It is widely considered that Rabal's best performances came after Francisco Franco's death in 1975. In the 1980s, Rabal starred in Los Santos Inocentes - winning the Award for Best Actor at the Cannes Film Festival - in El Disputado Voto del Señor Cayo and also in the TV series Juncal. In 1989, he was a member of the jury at the 39th Berlin International Film Festival. In 1999 he played the part of Francisco Goya in Carlos Saura's Goya en Burdeos, winning a Goya Award for Best Actor.

Rabal's final movie was Dagon, directed by Stuart Gordon. The film, which was released after Rabal's death in 2001, was dedicated to him. The dedication, which appears before the end credits, reads: "Dedicated to Francisco Rabal, a wonderful actor and even better human being."

== Death ==
Rabal died in 2001 from compensatory dilating emphysema while on an airplane travelling to Bordeaux, returning from having received an Award at the Montreal World Film Festival.
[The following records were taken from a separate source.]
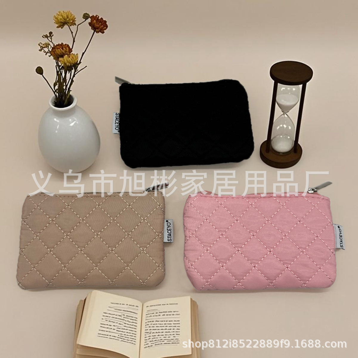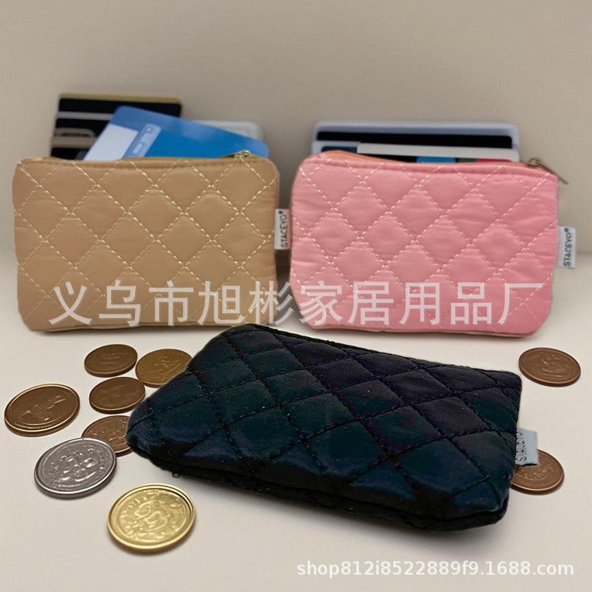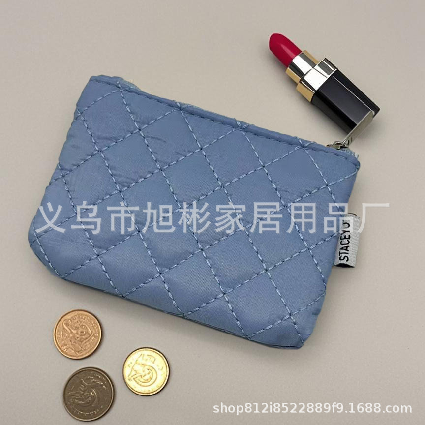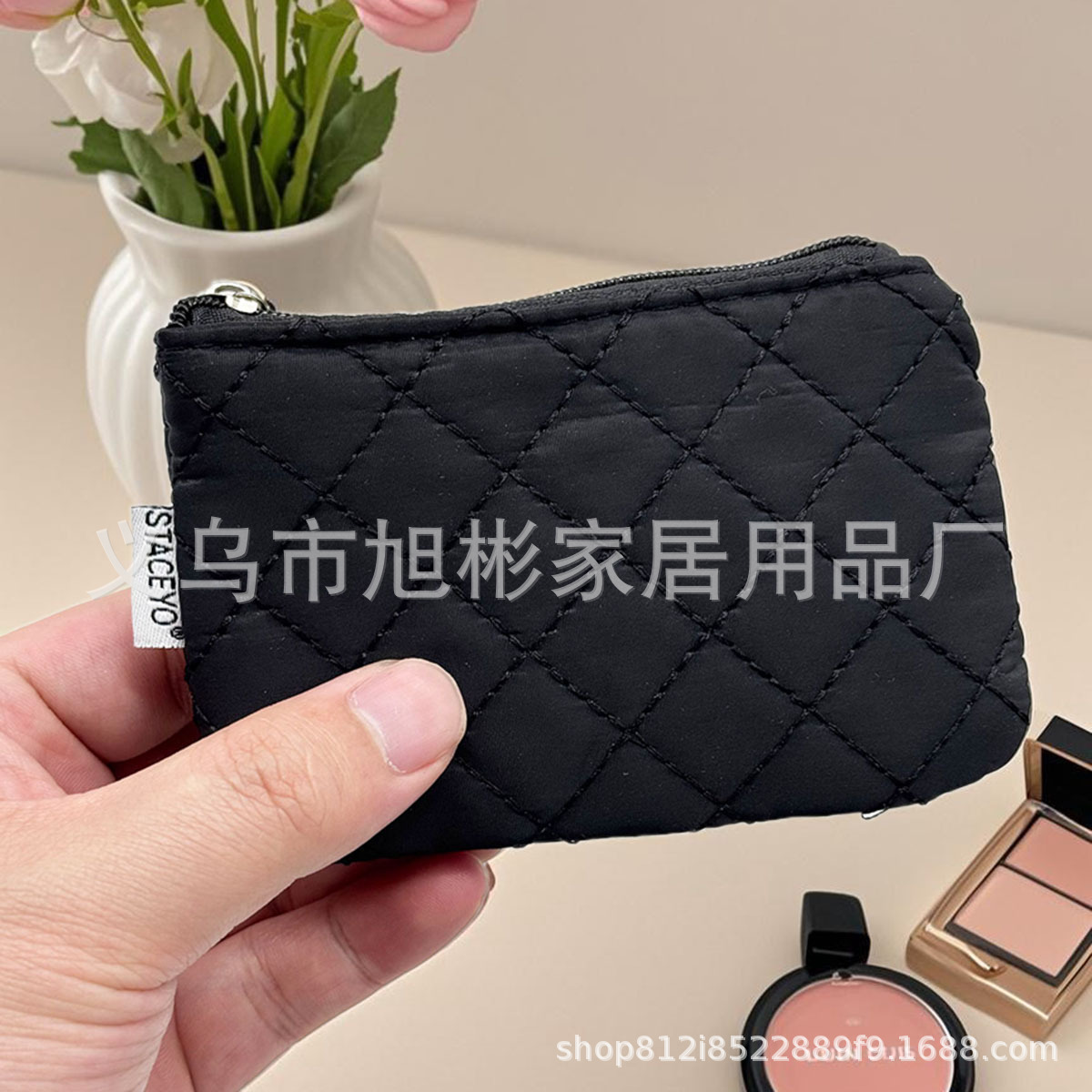 국경 간 인기 판매 단색 심플 스타일 메모리 천 퀼트 동전 가방 실용적인 소형 동전 보관 가방스토어 가기
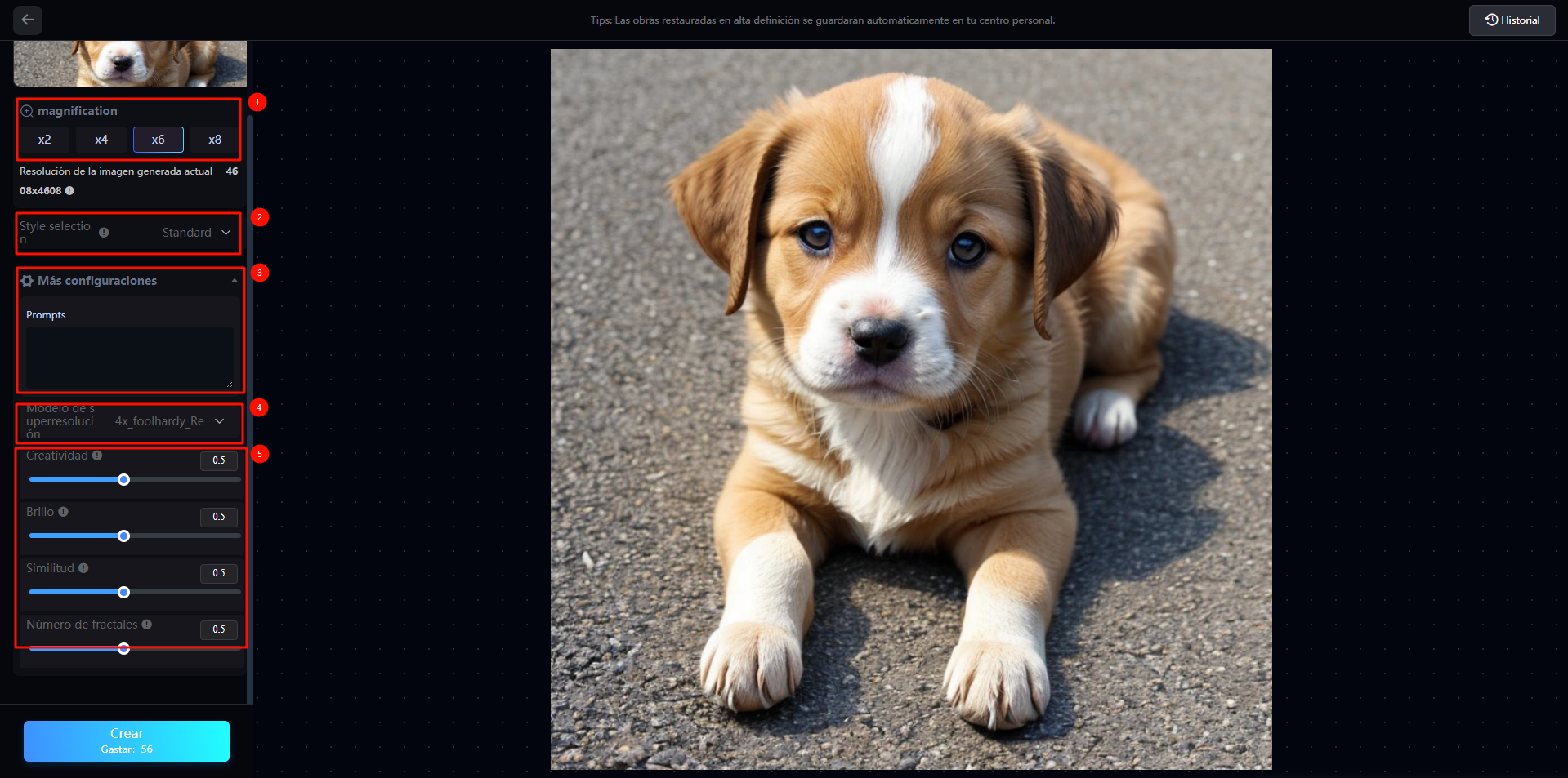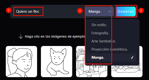 **Paso 2:** Introduce los prompts correspondientes, selecciona un estilo.
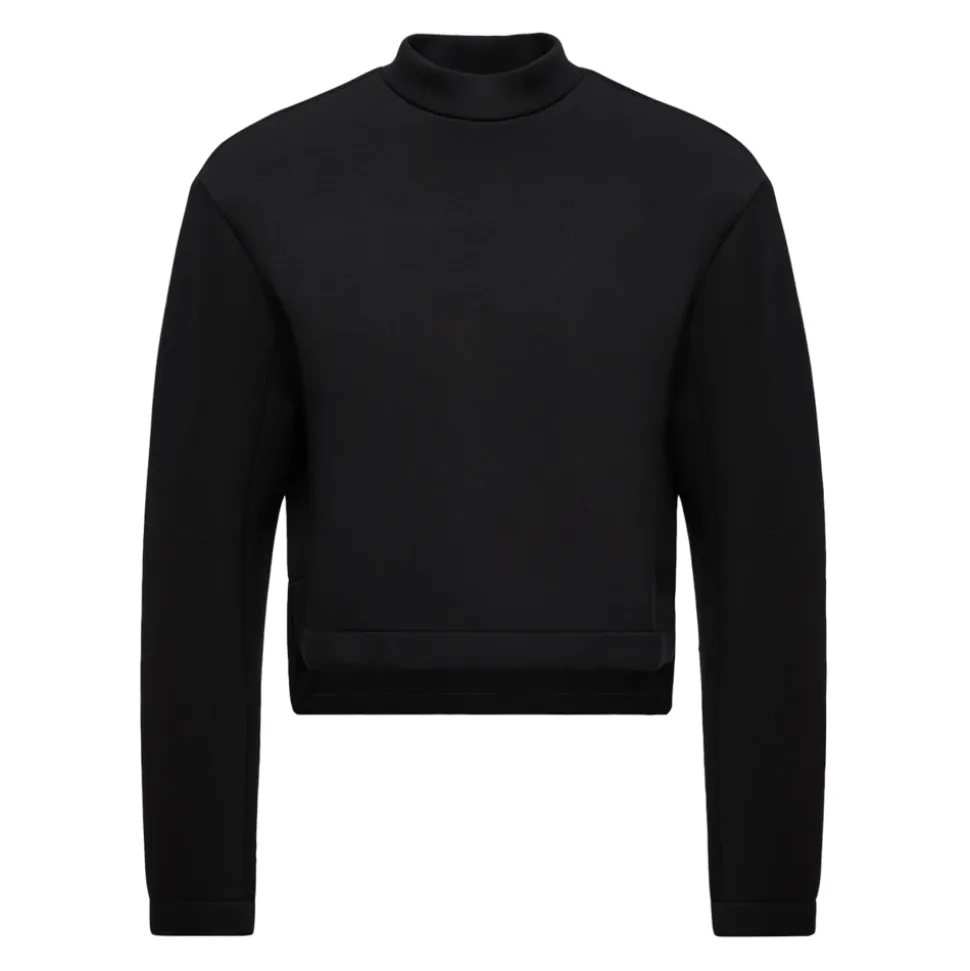 Forkæl dig selv med denne Moncler sweatshirt til kvinder. Lavet af viskose neopren, har den en rund hals, lange ærmer og et logo-patch. Produceret i Italien er denne sorte sweatshirt et alsidigt garderobestykke. Modellen på billedet har størrelse XS. Stofdetaljer: 5% elastan, 95% viskose.
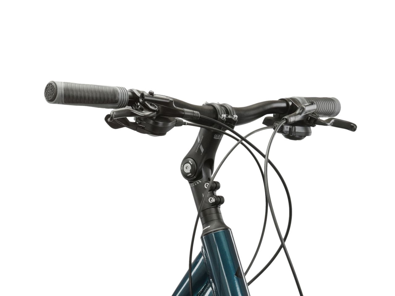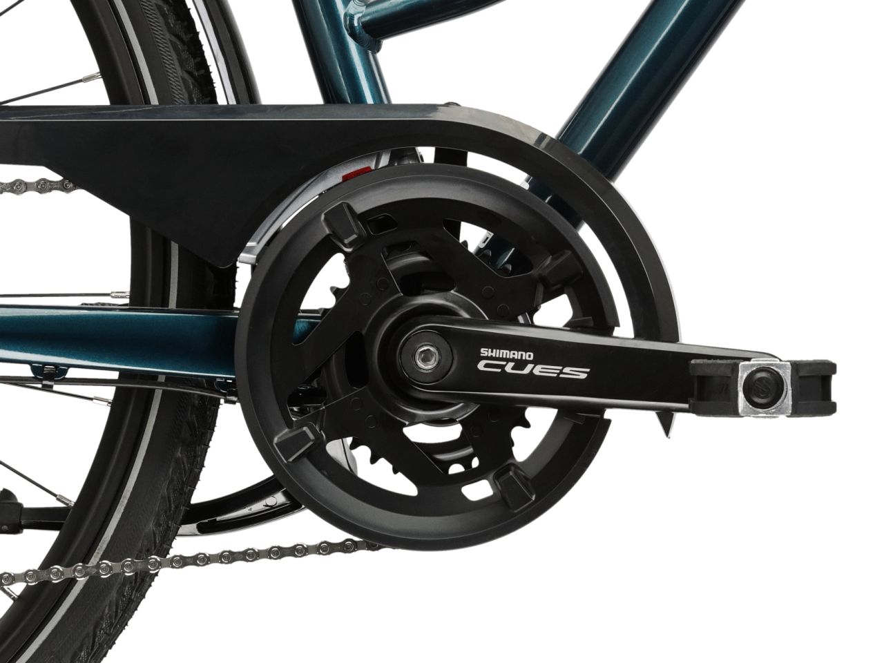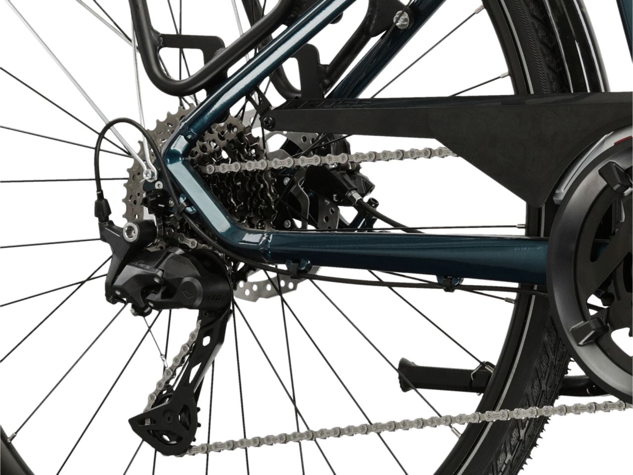KROSS Trans 7.0 został stworzony z myślą o pełnym komforcie użytkownika, niezależnie od charakteru trasy. Napęd Shimano Cues w konfiguracji 2x10 zapewnia aż 20 przełożeń, które umożliwiają płynne dostosowanie oporu do nachylenia terenu czy rodzaju nawierzchni. Tylna przerzutka z grupy Cues gwarantuje precyzyjną zmianę biegów oraz wysoką trwałość, dzięki czemu sprawdzi się doskonale zarówno podczas jazdy rekreacyjnej, jak i dłuższych wypraw.
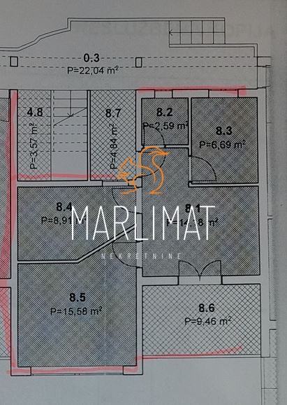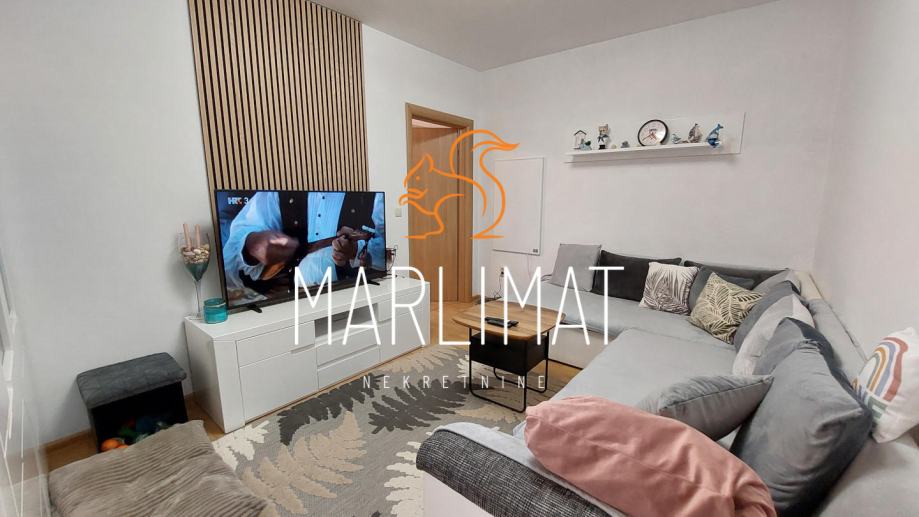 Apartman se sastoji od: hodnika, dnevnog boravka, kuhinje s blagovaonicom, 2 spavaće sobe, kupaonice, ostave, zatvorene lođe te parkirnog mjesta.
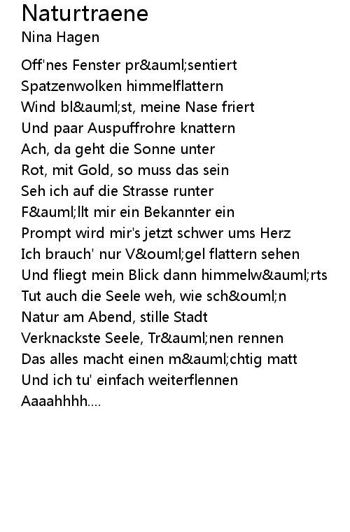 Ich brauch' nur Vögel flattern sehen |
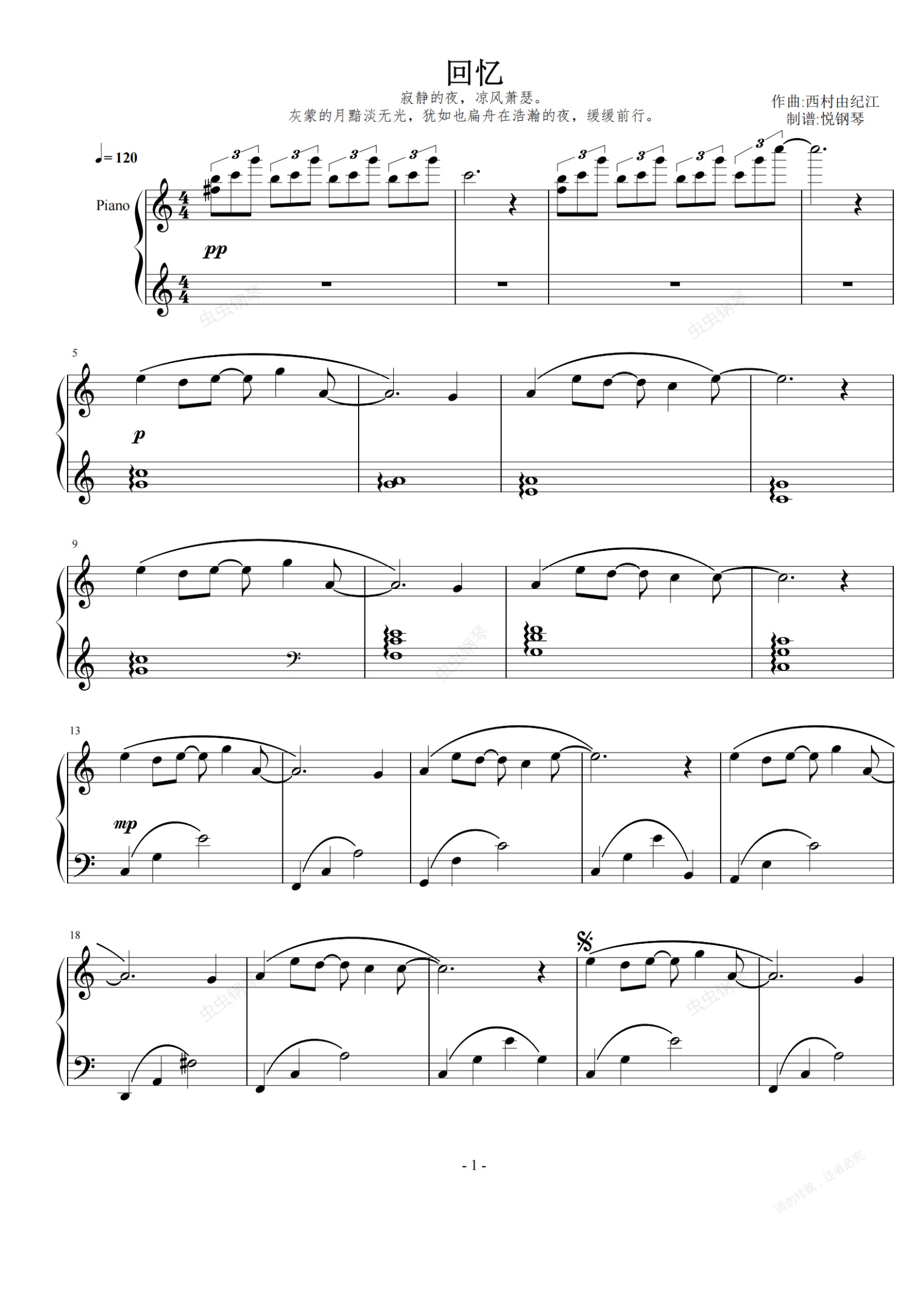 钢琴谱:回忆 (原版谱面移高半音)治愈系 西村由纪江

His death happened only a few weeks before he was due to collect the lifetime Donostia Award at the San Sebastián International Film Festival. The award was accepted by his grandson, Liberto Rabal, also an actor.

== Legacy ==
Francisco Rabal is the only Spanish actor to have received an honoris causa doctoral degree from the University of Murcia. Murcia's Film Library and Cinematheque, Filmoteca Regional Francisco Rabal, created in 2004 as a meeting point for movie lovers, was named after him.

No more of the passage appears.